More than 40 Camden students drank milk that may have been tainted with sanitizer
Out of an abundance of caution, 32 children were taken to Our Lady of Lourdes Hospital, he said. None of the children reported illness or side effects and all were discharged shortly after.
More than 40 young children at two early childhood centers in Camden drank milk that may have been tainted with sanitizer Wednesday.
Police and emergency medical services responded to the Early Childhood Development Center on the 1600 block of Pine Street late Wednesday morning after 32 children drank from milk cartons with sanitizer residue, said Dan Keashen, Camden County spokesperson.
Out of an abundance of caution, the children were taken to Our Lady of Lourdes Hospital, he said. None of the children reported illness or side effects and all were discharged shortly after. The children at the center range in age from 3 to 5 years old, a school district spokesperson said.

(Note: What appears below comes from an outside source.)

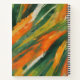 Un remolino dinámico de naranja, verde y plata que combina la calidez y la frescura con un toque metálico. Un diseño abstracto que explora la transformación y la interacción entre colores y texturas.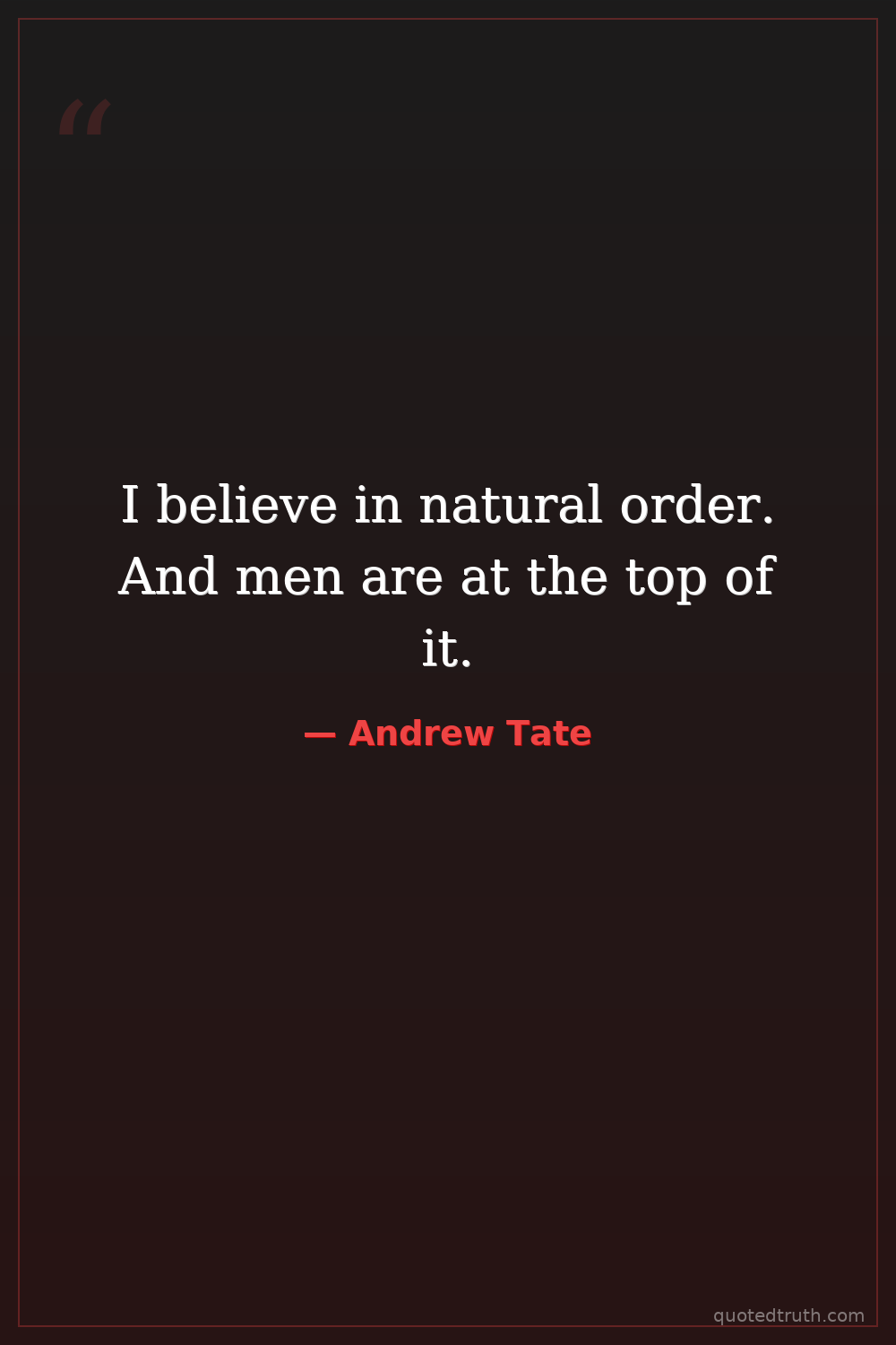 I believe in natural order. And men are at the top of it.

“It looks like some possible digestible sanitizer that is used to clean these milk cartons,” Keashen said. “There might have been a foul-up at manufacturing. It still remains to be seen.”
In a statement, the Camden School District said that the milk had potentially been contaminated with nontoxic sanitizer that runs through the machines that fills the cartons.
Many of the milk cartons were filled with the sanitizer and sealed and shipped with the milk, the school district said.
Shortly after police responded to the Pine Street location, more children at the Riletta Twyne Cream Family School were reported as having ingested the tainted milk, Keashen said. Ten children were taken to Cooper University Hospital.
Their condition was not immediately released.
No milk will be served across the district, which has 20 schools that enroll 5,200 students, until the investigation is complete, a district spokesperson said. According to the district, no students were ill as of shortly after 11 a.m.
Cherry Hill School Superintendent Joseph Meloche said in a message to families that his district “confirmed that none of the Cherry Hill Public Schools’ milk was from the same lot as Camden’s” but did not serve plain milk Wednesday as a precaution. Cherry Hill schools are unlikely to serve milk for the rest of the week, Meloche said.